Network security operations becoming more difficult

One hundred and fifty enterprise IT security professionals from a wide range of industries were surveyed by Enterprise Strategy Group (ESG) to gain a better understanding of their plans for adopting software-defined networking (SDN) in the near future, as well as their opinions on the increasing level of difficulty in managing heterogeneous network environments.

Network security operations

The survey indicates a need for greater automation and converged management, command and control capabilities for security operations across physical, virtual and hybrid cloud platforms.

“We’re witnessing a new network model evolving: the heterogeneous, multi-dimensional cloud infrastructure, in which enterprises have a little bit of everything – AWS, Microsoft Azure, Google, IBM SoftLayer, VMware, and Cisco. As this model evolves, organizations are struggling to implement policies that help them manage all of these fragments and meet security, compliance and risk mandates,” said Jon Oltsik, principal analyst with ESG.
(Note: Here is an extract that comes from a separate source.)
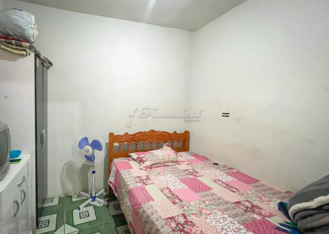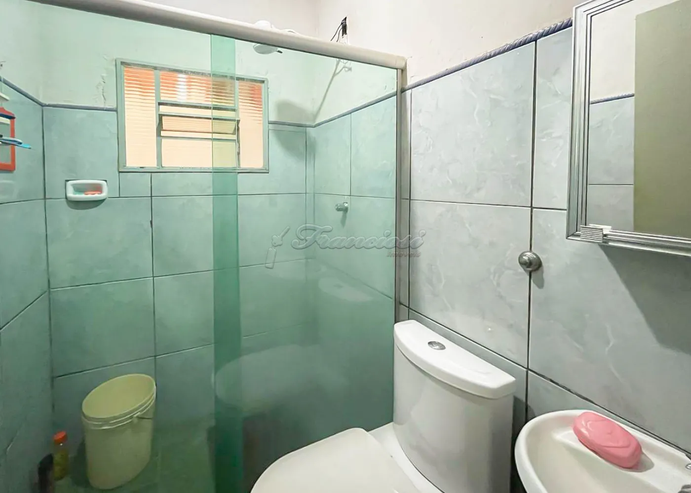 Casa com 2 dormitórios, sala, cozinha, 1 banheiro social com box acrílico, área de serviço, edícula com 1 cômodo e banheiro, quintal com piso, churrasqueira e garagem para 2 carros com portão eletrônico. Acabamento: laje, piso frio e azulejo.

Increased difficulty in network security operations

Survey respondents cited the addition of more devices to the network (55%), increases in the number of networking and security technologies in use (52%), and the deployment of numerous new applications (50%) as the primary drivers of this increased security operations difficulty.

The survey also found that 69% of respondents currently operating a private cloud, using public cloud services, or both say they are still learning how to apply security policies to hybrid cloud infrastructure.

From on-premise to cloud and SDN

Cloud services and SDN are seen as increasingly viable alternatives to traditional on-premises solutions. The survey found that 79% of organizations are committed to SDN as a long-term strategy and are already implementing various technologies or conducting proofs of concept. In fact, 51% of respondents participating in the research reported two or more SDN technologies were in use in some capacity within their organizations today.

The survey also found that 91% of organizations are actively using cloud-based infrastructure-as-a-service (IaaS) and/or platform-as-a-service (PaaS) as part of their IT strategy, and that 61% of organizations currently use multiple public cloud services.

Lack of cloud computing security skills

As hybrid cloud environments continue to become the IT standard, organizations are struggling to apply policies in the same way as physical environments. Of the organizations currently operating a private cloud, using public cloud services, or both, 49% don’t feel the security team has the right level of cloud computing skills to provide the same types of network security controls and oversight as it does on physical infrastructure.

Sixty-one percent (61%) also say it’s difficult to get the same level of visibility into cloud-based workloads as they have in their physical network, and 56% say it’s difficult to audit network security controls in the cloud.

Security operations and processes still insufficient

As networks become more complex, security policy orchestration and automation is increasingly crucial. Nearly 90% of survey respondents rated network security operations automation as very important or critical to its future business application plans and IT initiatives.

While survey respondents agree that automation can enable the operations team to do more with existing resources (85%), improve network security protection by tightening security policies (85%), and help minimize security misconfiguration caused by human error (85%), only 23% of organizations who are currently using private and/or public cloud technologies feel strongly that current network security operations and processes have the right level of orchestration needed for the cloud.